## Aim: To perform numeric data preprocessing and analysis

### Task 1: Web Scraping using Beautiful Soup

#### Importing libraries

- BeautifulSoup library to parse and extract data from HTML content obtained via HTTP requests. It's commonly used for web scraping and data extraction tasks in Python.

In [1]:
from bs4 import BeautifulSoup
import requests

In [2]:
url="https://quotes.toscrape.com/"
response=requests.get(url)
print(response)

<Response [200]>


- This code fetches the content of the URL "https://quotes.toscrape.com/" using the requests library, which sends an HTTP GET request to the specified URL. The response from the server is stored in the response variable. Finally, the code prints out the response, which typically includes information about the HTTP status code, headers, and content of the web page.

In [3]:
html=response.content
print(html)

b'<!DOCTYPE html>\n<html lang="en">\n<head>\n\t<meta charset="UTF-8">\n\t<title>Quotes to Scrape</title>\n    <link rel="stylesheet" href="/static/bootstrap.min.css">\n    <link rel="stylesheet" href="/static/main.css">\n</head>\n<body>\n    <div class="container">\n        <div class="row header-box">\n            <div class="col-md-8">\n                <h1>\n                    <a href="/" style="text-decoration: none">Quotes to Scrape</a>\n                </h1>\n            </div>\n            <div class="col-md-4">\n                <p>\n                \n                    <a href="/login">Login</a>\n                \n                </p>\n            </div>\n        </div>\n    \n\n<div class="row">\n    <div class="col-md-8">\n\n    <div class="quote" itemscope itemtype="http://schema.org/CreativeWork">\n        <span class="text" itemprop="text">\xe2\x80\x9cThe world as we have created it is a process of our thinking. It cannot be changed without changing our thinking.\xe2\x80\

- The BeautifulSoup function from the bs4 (Beautiful Soup 4) library is used to create a BeautifulSoup object.
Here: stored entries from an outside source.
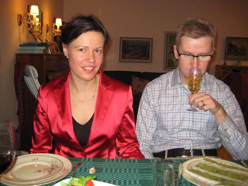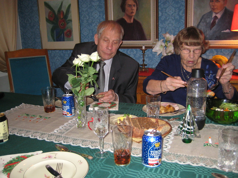 Jouluaattoaamuna nousimme varhain ylös ja aloimme valmistautua päivän kiireisiin. Aloitimme aamun poikkeuksellisesti lasillisella sampanjaa ja kahviaamiaisella. Sen jälkeen kiiruhdimme nostamaan Suomen lipun rivitalomme lipputankoon. Minä nostin lipun ja Eeva-Leena lauloi "Siniristilippumme...".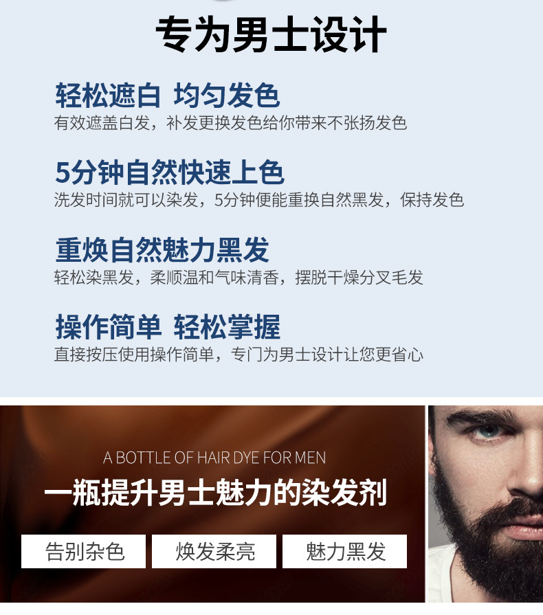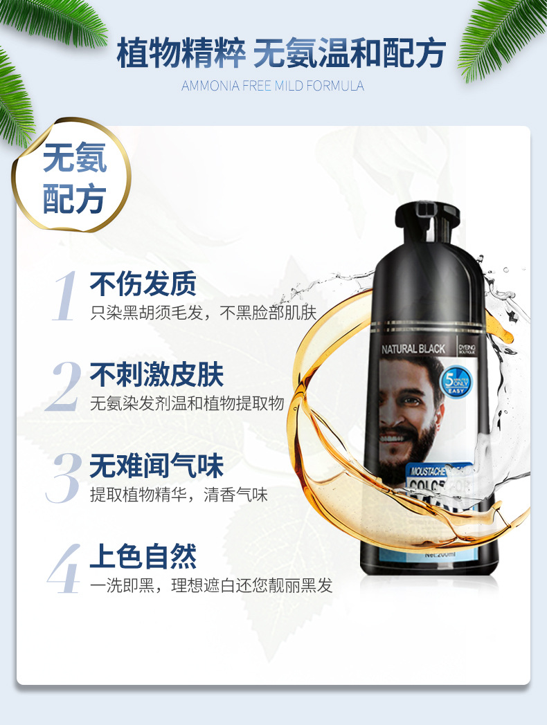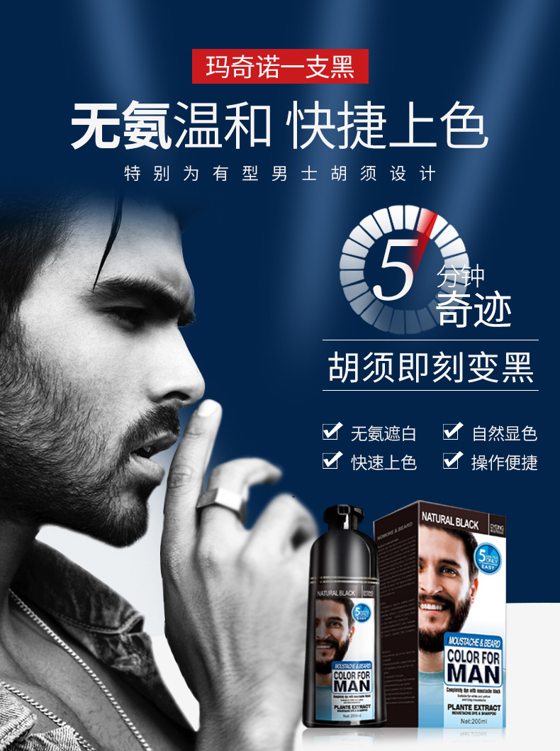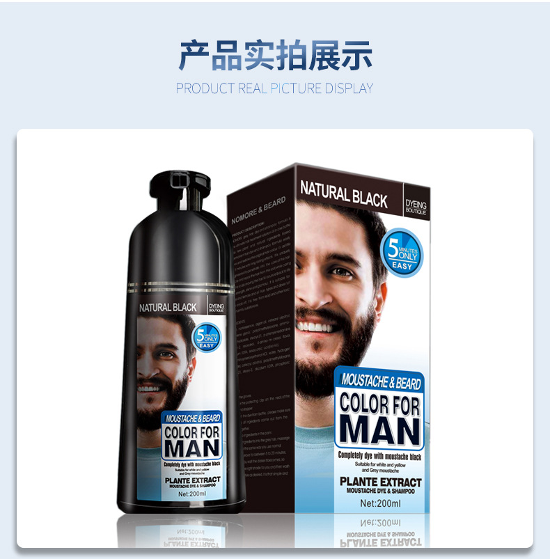 Натуральный стойкий шампунь для удаления бороды и бороды, 200 млВ шампуне beard black Используется уникальная техника окрашивания волос и натуральная формула растительного пигментного коэффициента, чтобы сделать цвет бороды человека более естественным и ближе к истинному цвету бороды. Этот продукт использует новую технологию упаковки, подходящую для ежедневного ухода за бородой мужчин, чтобы сохранить цвет и статус Мужской Бороды в любое время.5 минут краска для черной бородыЕсли вам нужен коричневый или винно-красный цвет, пожалуйста, держите его 20 минутПеред краской бороды, пожалуйста, убедитесь, что борода сухая.Использование:1. Выньте продукты из коробки и наденьте перчатки.2. Вытолкните ингредиенты из бутылки и смешанные ингредиенты в ладони.3. Нанесите продукты на бороду равномерно и помассируйте около пяти минут.4. Примерно через 5-7 минут, затем Вымойте бороду водой для очистки.5. Высушите бороду, затем получите целевой цвет.Обратите внимание:Этот продукт должен использоваться на сухой бороде и не касаться кожи лица. Обычно через 5 минут окрашивается краска, контролируя время нахождения продукта на бороде, может повлиять на глубину цвета.Предупреждение:Храните в недоступном для детей месте. В случае контакта с глазами промойте большим количеством воды.Изображение продукции: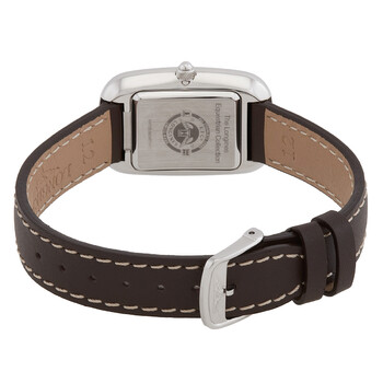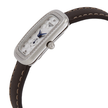 Silver-tone stainless steel case with a brown leather strap. Fixed silver-tone diamond bezel. Silver-tone dial with blue hands and diamond hour markers. Dial Type: Analog. Swiss Quartz quartz movement. Scratch resistant sapphire crystal. Pull / push crown. Solid case back. Rectangle case shape, case size: 22 mm, case thickness: 6.2 mm. Band width: 12 mm, band length: 7 inches. Tang clasp. Water resistant at 30 meters / 100 feet. Functions: hour, minute, second. Additional Info: hours, minutes, small seconds. Equestrian Series. Luxury watch style. Longines Equestrian Diamond Silver-tone Dial Ladies Watch L61410772.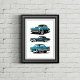 Fyll på ditt utrymme med nostalgi genom den här vackra grafiken som visar tre vintage bilar i reflexer. Dess slående men klassiska utformning förkroppsligar på ett vackert sätt alla klassiska bilar och vintage stilar, skapar den som en must-have för alla bilentusiaster eller älskare i reflektorer.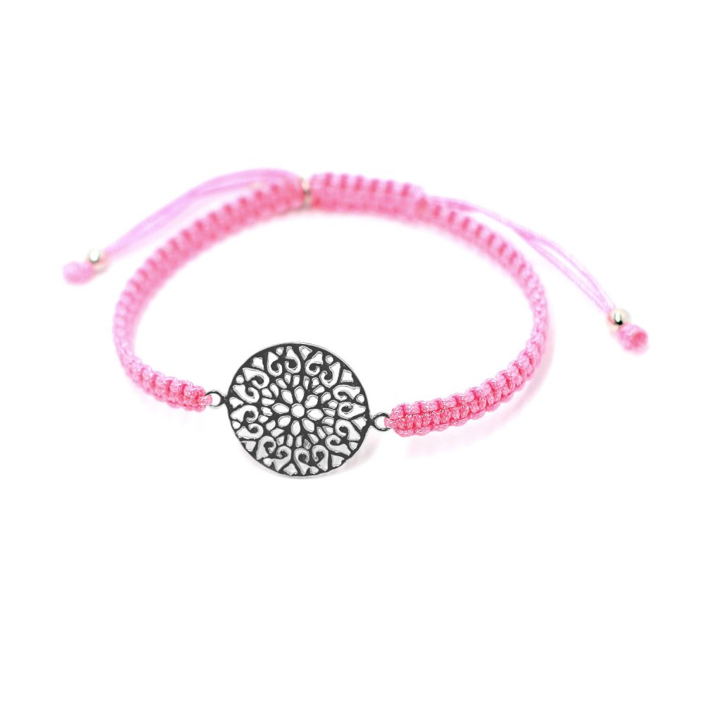 Jemný růžový provázkový náramek MOISS s motivem květiny vyzařuje ženskost, lehkost a pozitivní energii. Ideální doplněk pro každý den.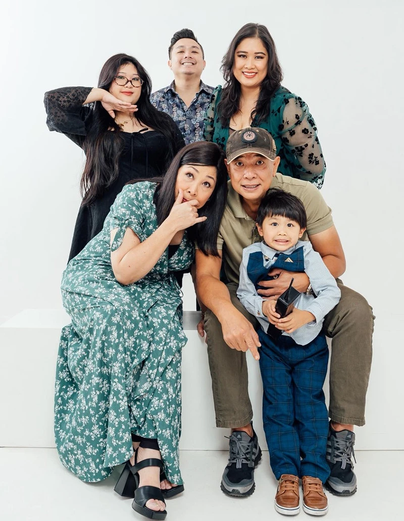 NSND Hồng Vân sum họp cùng gia đình 3 thế hệ, chụp ảnh kỷ niệm trong chuyến thăm Mỹ.

This object is used for parsing and navigating through HTML content.

In [4]:
soup=BeautifulSoup(html,'html.parser')

#### (a) Find the title tag

In [5]:
title_tag=soup.title
print("Title Tag:",title_tag)

# title tag as string
print("String Title Tag:",title_tag.string)
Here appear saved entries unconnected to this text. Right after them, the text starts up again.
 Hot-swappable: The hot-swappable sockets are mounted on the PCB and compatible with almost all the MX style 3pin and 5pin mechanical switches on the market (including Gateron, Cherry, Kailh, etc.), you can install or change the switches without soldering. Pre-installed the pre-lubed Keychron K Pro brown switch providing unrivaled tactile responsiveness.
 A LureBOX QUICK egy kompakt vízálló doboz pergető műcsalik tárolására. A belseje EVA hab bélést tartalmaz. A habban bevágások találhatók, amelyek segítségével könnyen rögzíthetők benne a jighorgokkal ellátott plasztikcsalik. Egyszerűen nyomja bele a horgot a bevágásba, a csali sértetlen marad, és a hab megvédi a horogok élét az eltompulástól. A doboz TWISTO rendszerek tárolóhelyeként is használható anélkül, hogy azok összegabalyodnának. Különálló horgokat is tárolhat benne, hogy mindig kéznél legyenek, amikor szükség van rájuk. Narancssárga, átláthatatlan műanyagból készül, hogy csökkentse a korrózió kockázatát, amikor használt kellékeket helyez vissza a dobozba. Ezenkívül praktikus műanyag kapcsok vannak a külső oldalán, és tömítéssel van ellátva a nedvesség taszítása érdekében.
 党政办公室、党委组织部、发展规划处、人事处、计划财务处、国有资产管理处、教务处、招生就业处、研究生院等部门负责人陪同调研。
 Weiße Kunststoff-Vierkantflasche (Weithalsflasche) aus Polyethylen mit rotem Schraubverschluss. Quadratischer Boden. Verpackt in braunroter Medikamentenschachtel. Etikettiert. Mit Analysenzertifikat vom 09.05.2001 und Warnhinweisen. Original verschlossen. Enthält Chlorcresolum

Title Tag: <title>Quotes to Scrape</title>
String Title Tag: Quotes to Scrape


- title_tag is assigned the value of the title HTML tag within the parsed HTML content using BeautifulSoup. The <title> tag typically represents the title of a web page. The print("Title Tag:", title_tag) line prints the representation of the title_tag object, which includes the entire <title> tag and its contents

#### (b) Retrieve all the paragraph tags

In [6]:
paragraph_tag=soup.find_all('p')
print("Paragraph Tags")
for i in paragraph_tag:
    print(i)

Paragraph Tags
<p>
<a href="/login">Login</a>
</p>
<p class="text-muted">
                Quotes by: <a href="https://www.goodreads.com/quotes">GoodReads.com</a>
</p>
<p class="copyright">
                Made with <span class="zyte">❤</span> by <a class="zyte" href="https://www.zyte.com">Zyte</a>
</p>


- In this code, the variable paragraph_tag is assigned a list of all the <p> (paragraph) HTML tags found within the parsed HTML content using BeautifulSoup's find_all method. The find_all method is used to locate all instances of a particular HTML tag.
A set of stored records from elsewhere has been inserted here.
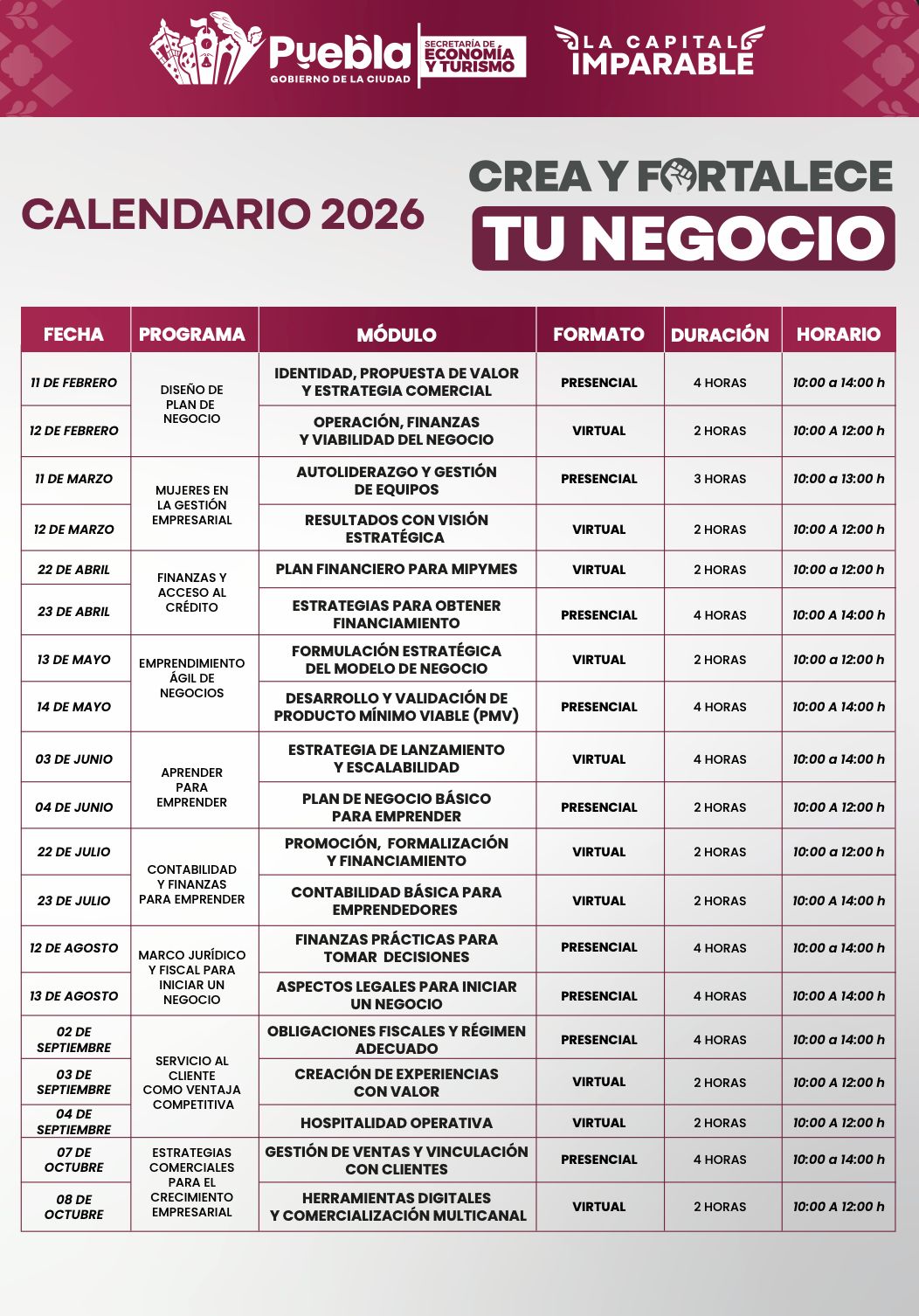 Calendario de Capacitaciones de Crea y Fortalece tu Negocio
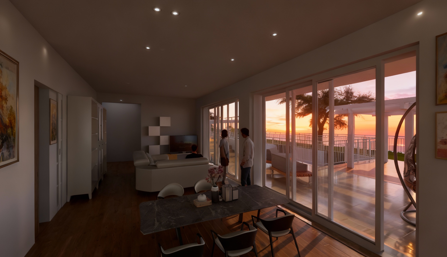 aggiungi molti faretti aggiungi quadri aggiungi 2 persone metti tramonto aumenta luninosit
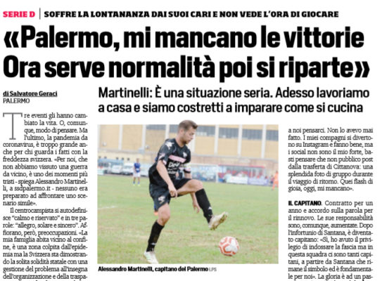 L'edizione odierna del "Corriere dello Sport" riporta le dichiarazioni di Alessandro Martinelli, centrocampista del Palermo, rilasciate ai microfoni del sito...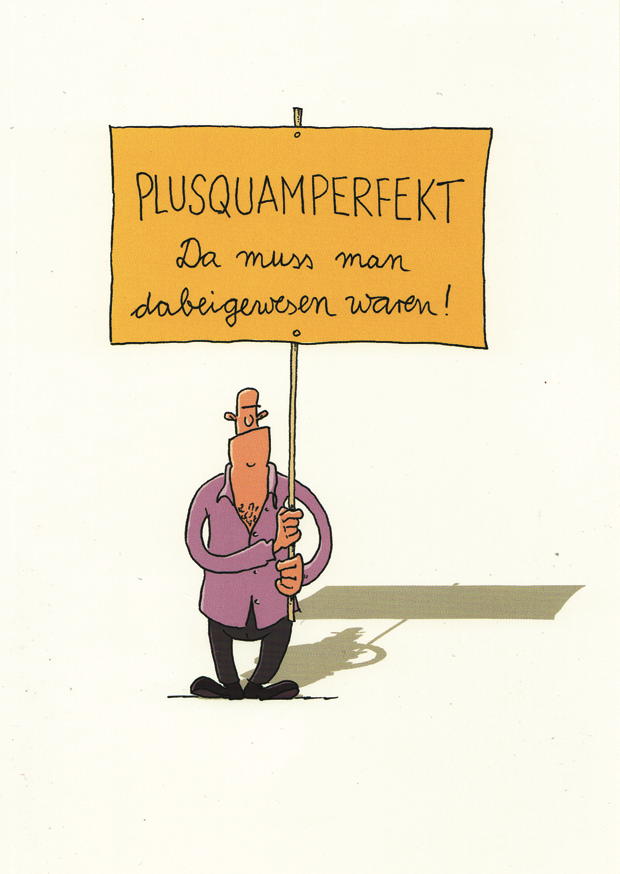 Ein humorvoller Cartoon zeigt einen Mann mit einem Schild, das Plusquamperfekt sagt. Dabei wird auf eine unterhaltsame Art und Weise auf die deutsche Grammatik hingewiesen.

#### (c) extract the text in the first paragraph tag

In [7]:
if paragraph_tag:
    print("The text in the first paragraph tag is",paragraph_tag[0].text)
else:
    printf("No text found in the first paragraph tag")

The text in the first paragraph tag is 
Login



- The if condition checks whether the paragraph_tag list is non-empty, meaning it contains at least one <p> tag that was found in the parsed HTML content. If this condition is true, the code proceeds into the indented block. Within this block, paragraph_tag[0].text is used to extract and print the text content from the first tag 

#### (d) Find all the h2 tags

In [8]:
h2_tags=soup.find_all('h2')
print("<h2> tags")
for i in h2_tags:
    print(i)

<h2> tags
<h2>Top Ten tags</h2>


- searches for all h2 (second-level heading) HTML tags within the parsed HTML content using BeautifulSoup's find_all method and stores them in the h2_tags list. The loop for i in h2_tags: iterates through each h2 tag in the list and prints out their representations, which include the HTML structure and content of each heading

#### (e) find the length of the text of the first h2 tag

In [9]:
if h2_tags:
    print("The length of the first h2 tag is:",len(h2_tags[0].text))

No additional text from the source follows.